» INSTRUCTIONS TO FOLLOW: Write again exactly the lines in the listing below, starting at the line with "Location of Vâlcea County in Romania." and ending at the line with "School, Šventežeris, Lazdijai", both included. Pictures are not copied.
[[ EXTRACTED INFORMATION open ]]
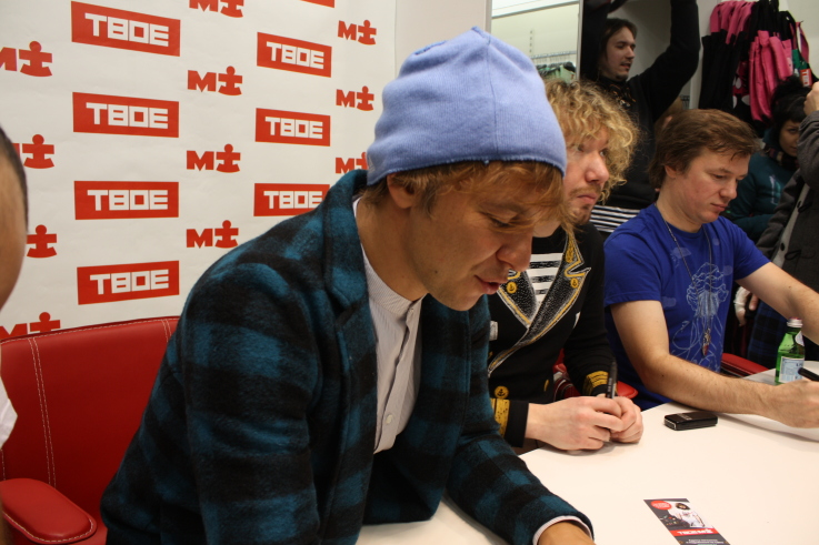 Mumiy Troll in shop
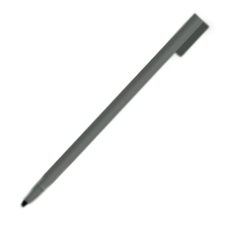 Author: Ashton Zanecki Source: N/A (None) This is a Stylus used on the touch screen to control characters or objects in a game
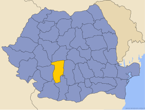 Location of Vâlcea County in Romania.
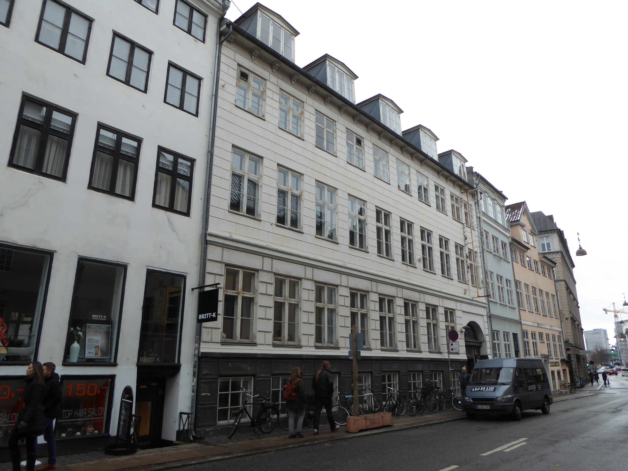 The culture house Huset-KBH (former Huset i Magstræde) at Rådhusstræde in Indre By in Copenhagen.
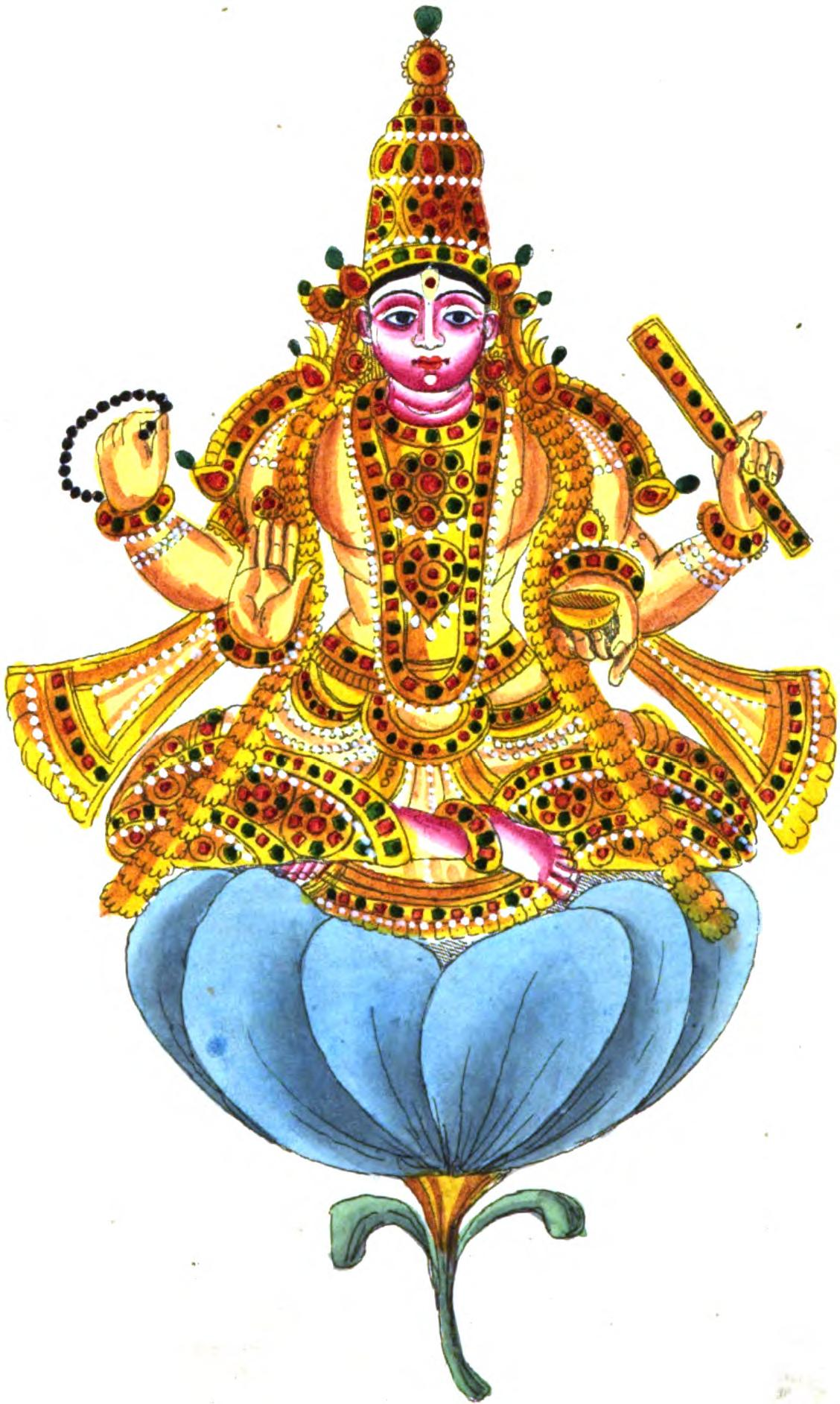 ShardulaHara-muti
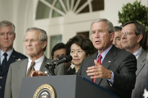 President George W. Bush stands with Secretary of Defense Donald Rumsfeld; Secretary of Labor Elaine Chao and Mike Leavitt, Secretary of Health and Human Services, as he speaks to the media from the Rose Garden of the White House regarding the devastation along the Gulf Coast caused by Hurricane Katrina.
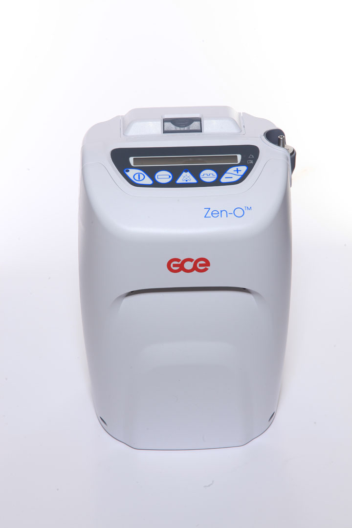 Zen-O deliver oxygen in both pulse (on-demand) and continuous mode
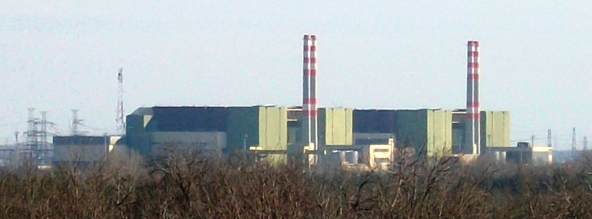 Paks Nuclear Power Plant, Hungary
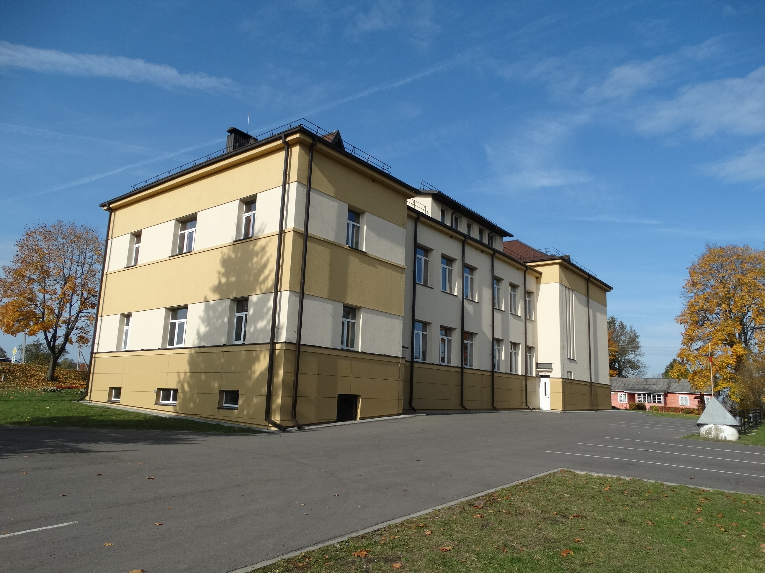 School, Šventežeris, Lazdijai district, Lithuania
[[ EXTRACTED INFORMATION closed ]]
[[ EXTRACTED INFORMATION open ]]
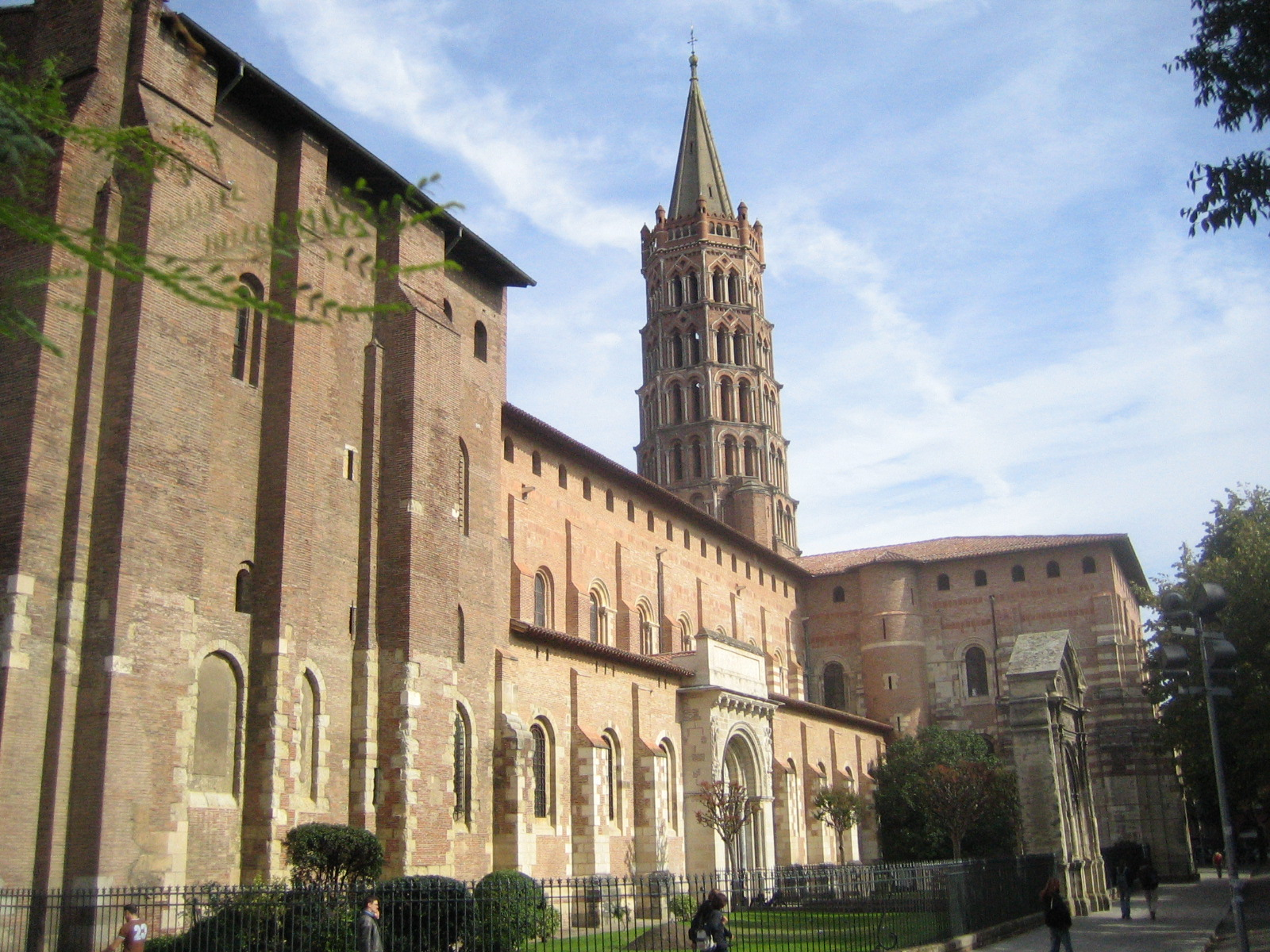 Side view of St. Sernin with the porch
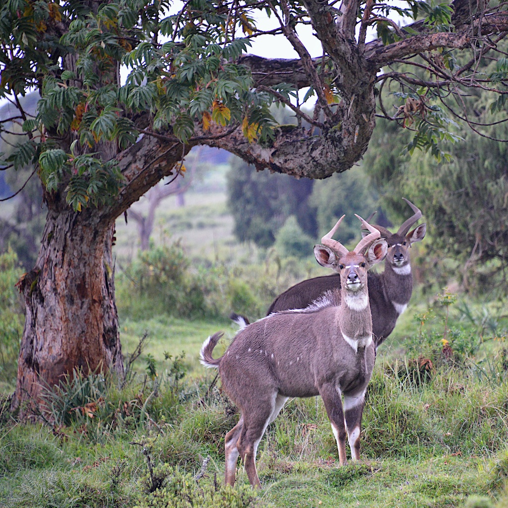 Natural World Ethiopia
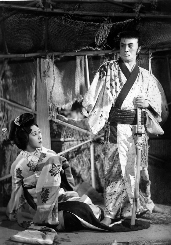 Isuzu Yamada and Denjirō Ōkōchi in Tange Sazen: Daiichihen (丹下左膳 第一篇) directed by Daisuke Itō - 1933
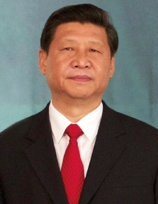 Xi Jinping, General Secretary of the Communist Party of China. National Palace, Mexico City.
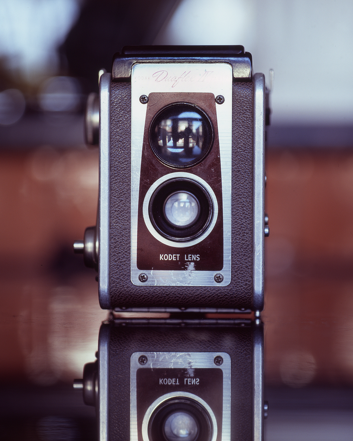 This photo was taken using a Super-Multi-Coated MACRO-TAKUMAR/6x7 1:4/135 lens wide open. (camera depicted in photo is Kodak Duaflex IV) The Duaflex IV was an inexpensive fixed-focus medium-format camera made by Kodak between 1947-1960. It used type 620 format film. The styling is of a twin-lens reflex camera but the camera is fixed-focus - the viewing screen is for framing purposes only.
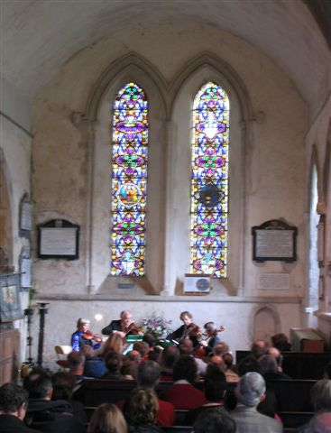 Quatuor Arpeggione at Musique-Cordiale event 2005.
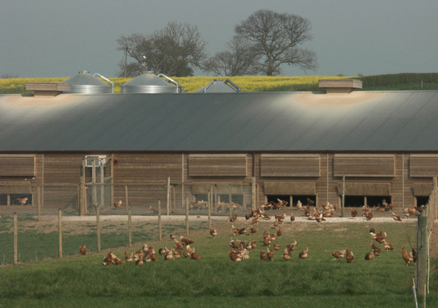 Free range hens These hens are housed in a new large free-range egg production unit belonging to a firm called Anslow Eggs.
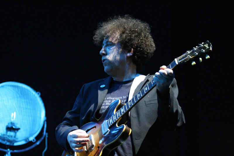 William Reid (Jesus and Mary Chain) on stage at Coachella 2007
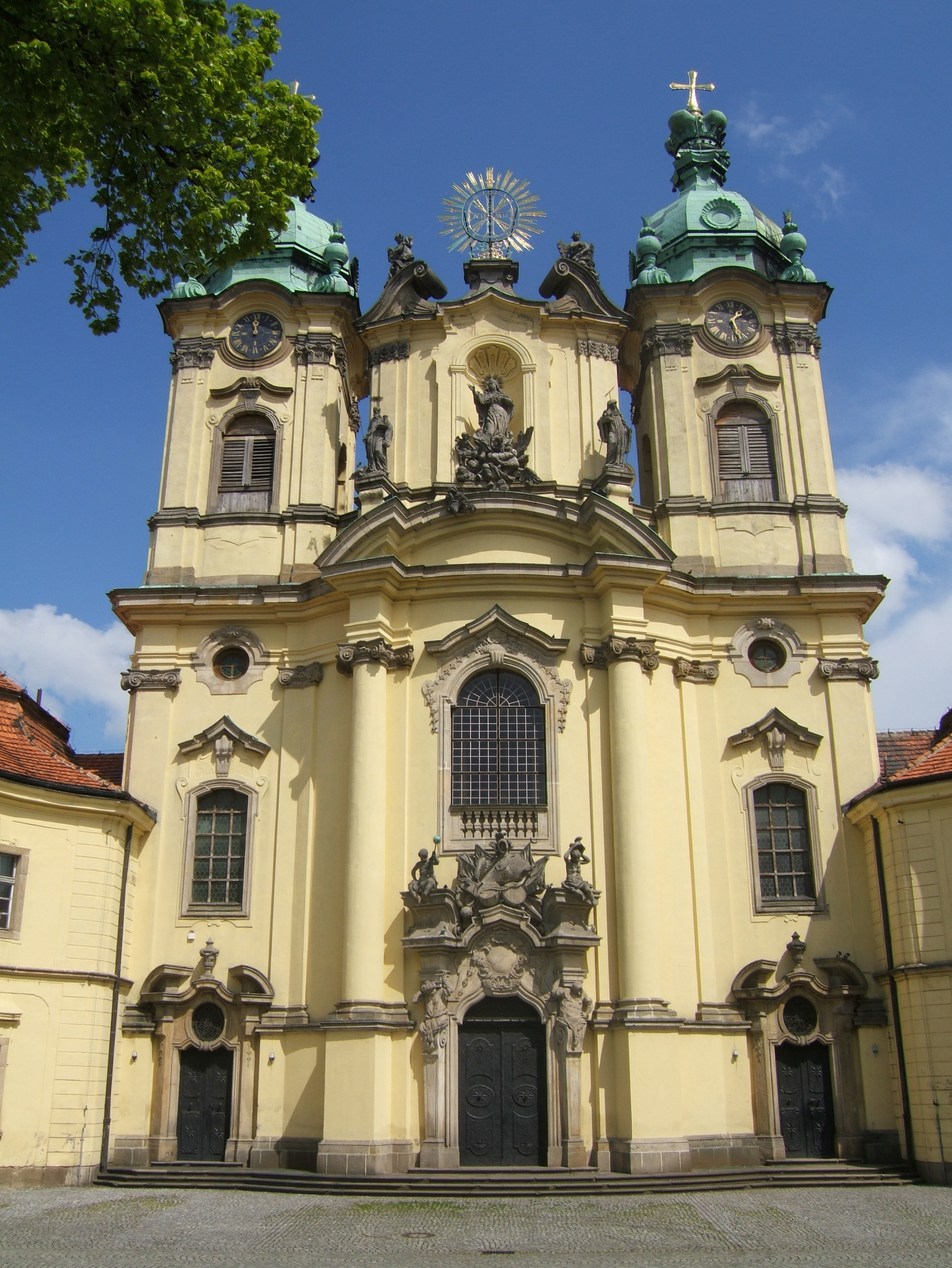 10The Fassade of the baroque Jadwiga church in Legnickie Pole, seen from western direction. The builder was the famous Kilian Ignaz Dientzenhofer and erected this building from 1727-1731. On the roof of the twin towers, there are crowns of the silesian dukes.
[[ EXTRACTED INFORMATION closed ]]
[[ EXTRACTED INFORMATION open ]]
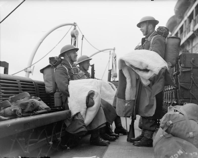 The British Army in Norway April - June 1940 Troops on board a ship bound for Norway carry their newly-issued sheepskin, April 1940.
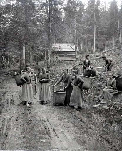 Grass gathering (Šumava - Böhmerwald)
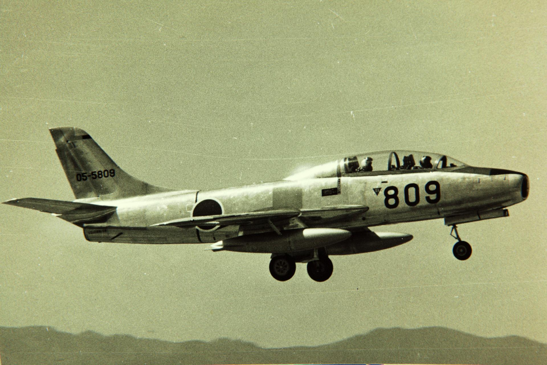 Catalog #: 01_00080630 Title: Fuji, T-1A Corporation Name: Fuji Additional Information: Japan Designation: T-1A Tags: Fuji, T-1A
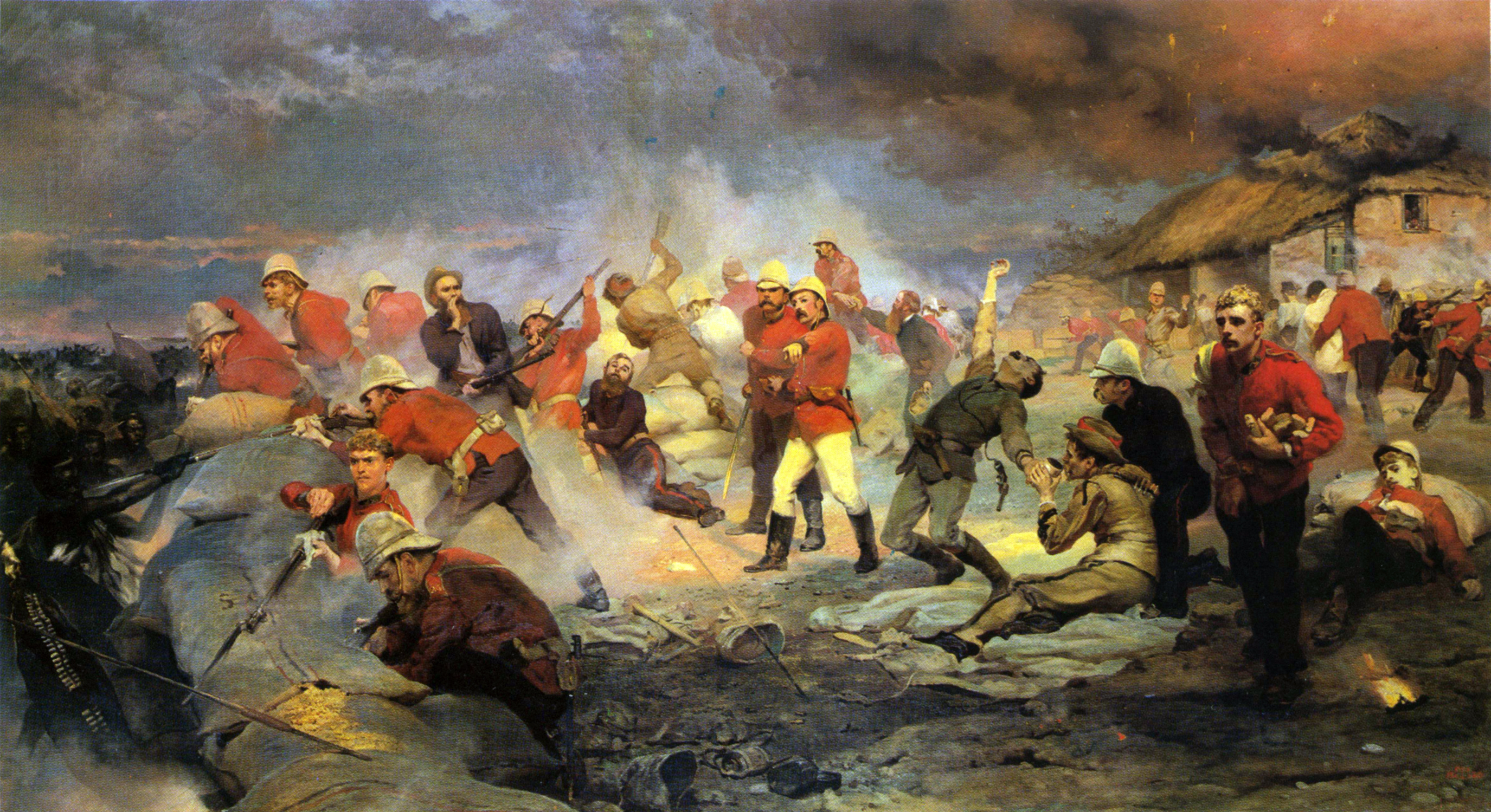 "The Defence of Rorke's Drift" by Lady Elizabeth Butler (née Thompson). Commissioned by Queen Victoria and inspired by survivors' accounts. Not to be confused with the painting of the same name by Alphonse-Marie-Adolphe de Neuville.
[[ EXTRACTED INFORMATION closed ]]
» SOLUTION TO THIS EXERCISE:
 Location of Vâlcea County in Romania.
 The culture house Huset-KBH (former Huset i Magstræde) at Rådhusstræde in Indre By in Copenhagen.
 ShardulaHara-muti
 President George W. Bush stands with Secretary of Defense Donald Rumsfeld; Secretary of Labor Elaine Chao and Mike Leavitt, Secretary of Health and Human Services, as he speaks to the media from the Rose Garden of the White House regarding the devastation along the Gulf Coast caused by Hurricane Katrina.
 Zen-O deliver oxygen in both pulse (on-demand) and continuous mode
 Paks Nuclear Power Plant, Hungary
 School, Šventežeris, Lazdijai district, Lithuania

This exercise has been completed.